Supervisors never enjoyed adequate resources and sufficient mix of skills that lead to deficiency
in understanding and effective monitoring of financial firms’ activities. Besides, the procedures
of different systems of supervision further led to inconsistent powers of supervisors across
regulatory competition and supervisory capture, which further limited the senior executives from
exercising effective supervision with regard to expansion of investment bank business model.

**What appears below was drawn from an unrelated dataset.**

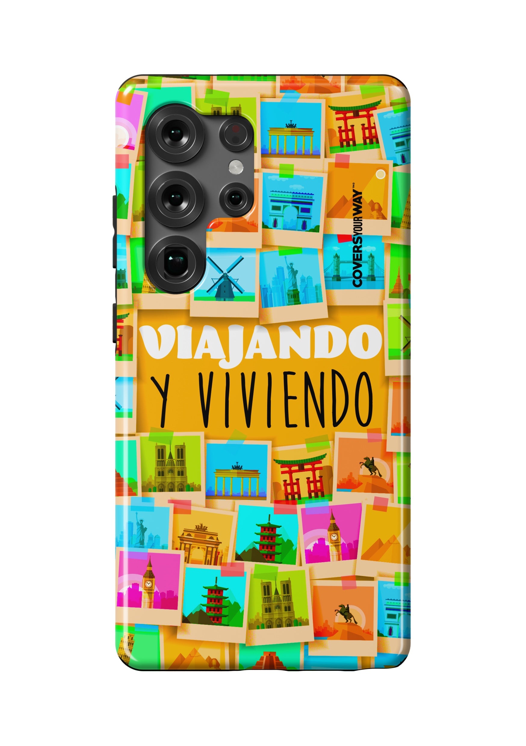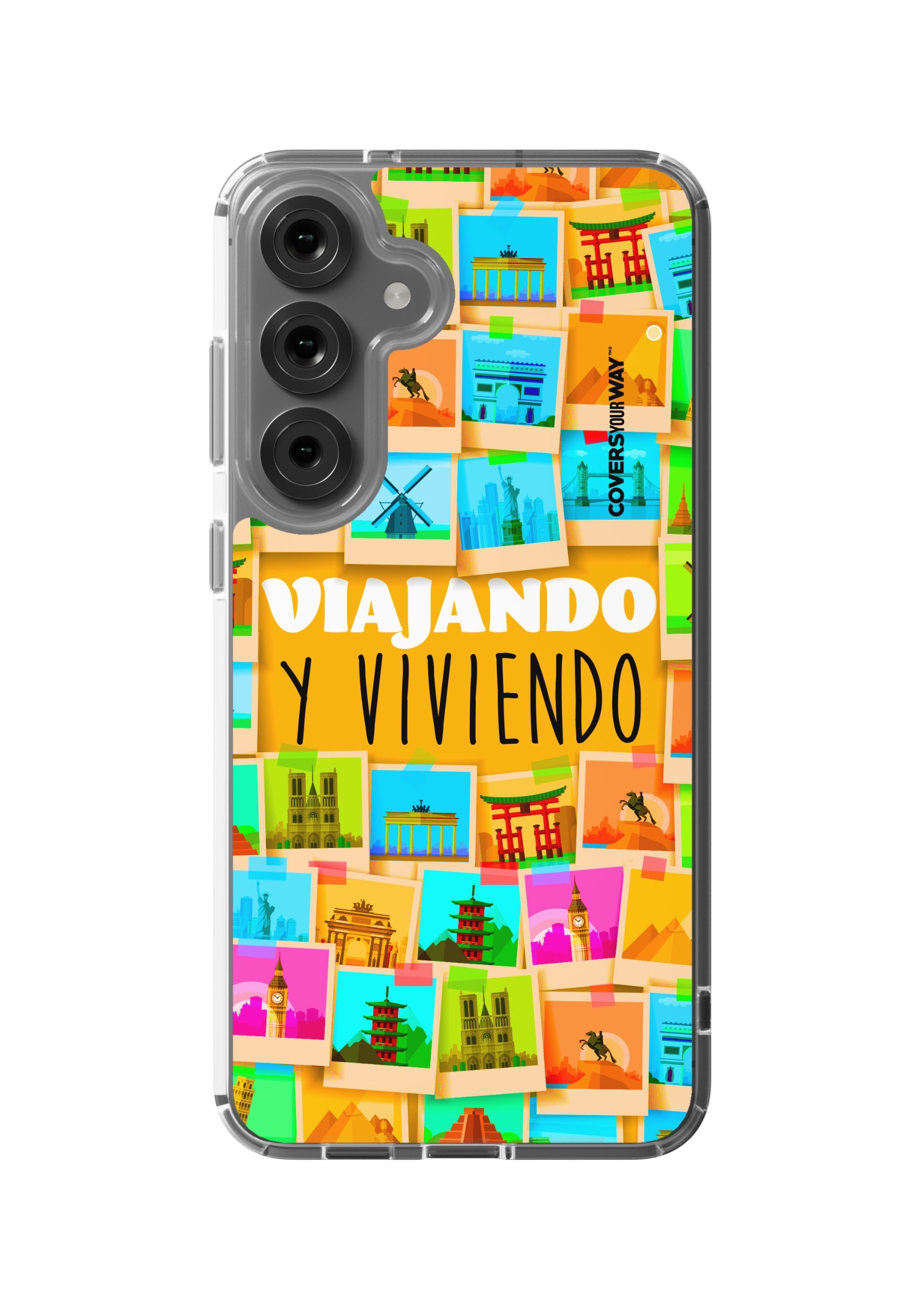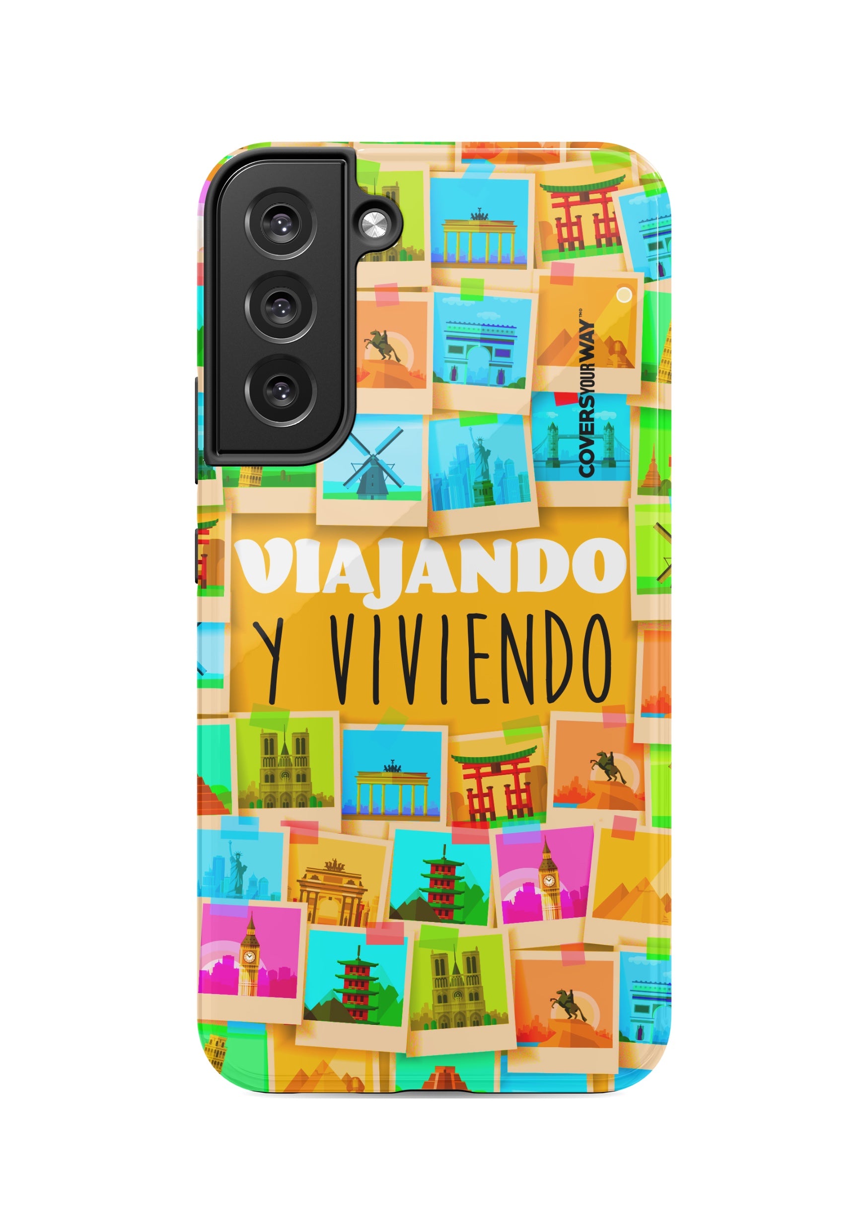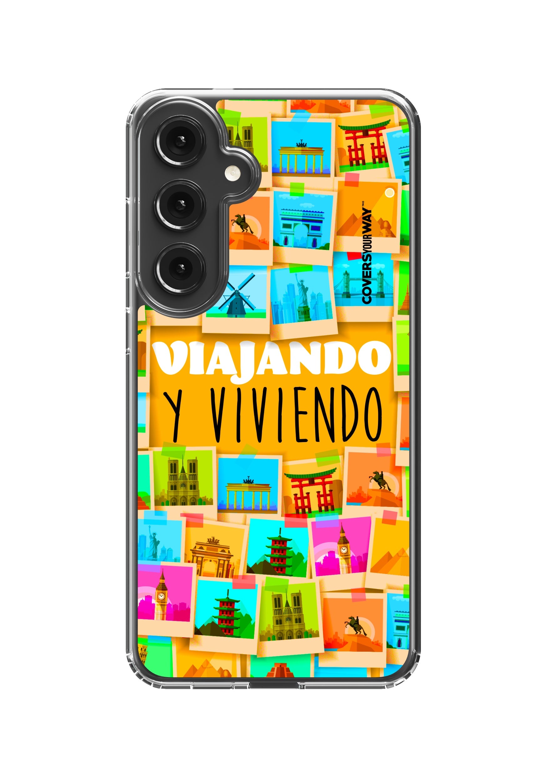 Este protector para celular presenta un diseño exclusivo con la frase "Viajando y viviendo" en una tipografía moderna y fluida, destacada sobre un fondo que evoca paisajes, mapas o elementos de viaje como maletas, aviones o caminos. Con una paleta de colores cálidos y aventureros, transmite libertad, movimiento y pasión por explorar. Fabricado con materiales resistentes, combina estilo, protección y el espíritu de quienes viven descubriendo el mundo.

Overall, the evidence shows that crisis prevention process of supervisors did not perform well
during the financial crisis.
Conclusion
The current financial crunch was a global crisis in terms of its approach and scale of impact. It
impacted almost all the economies and losses incurred by investors and shareholders were
enormous. The prime reason for this crisis attributed to corporate governance failure. The review
of literature conducted in this paper revealed various aspects of corporate governance, which
collapsed during the global crisis in financial firms and banks, because of board oversight,
transparency and disclosure, risk management system, and remuneration system. Several
researchers and academicians have derived key lessons, which relate to deficient features of
corporate governance emphasized by outcomes of the crisis. The study is captivating from the
view of policy makers and regulators. Lessons from the failure of corporate governance in
financial institutions and banking sector may be utilized for the development of new guidelines
not only for financial firms, but non financial firms can also derive its benefits. The lessons and
implications learnt from this financial crunch can trigger new horizons in corporate governance
reforms and new appropriate practices and policies may emerge, which can be applied to
different jurisdictions. It is a high time for corporate governance regulators to keep in touch with
contemporary scenarios, and increase the standard of corporate governance so as to safeguard the
wealth of millions of stakeholders, and shareholders.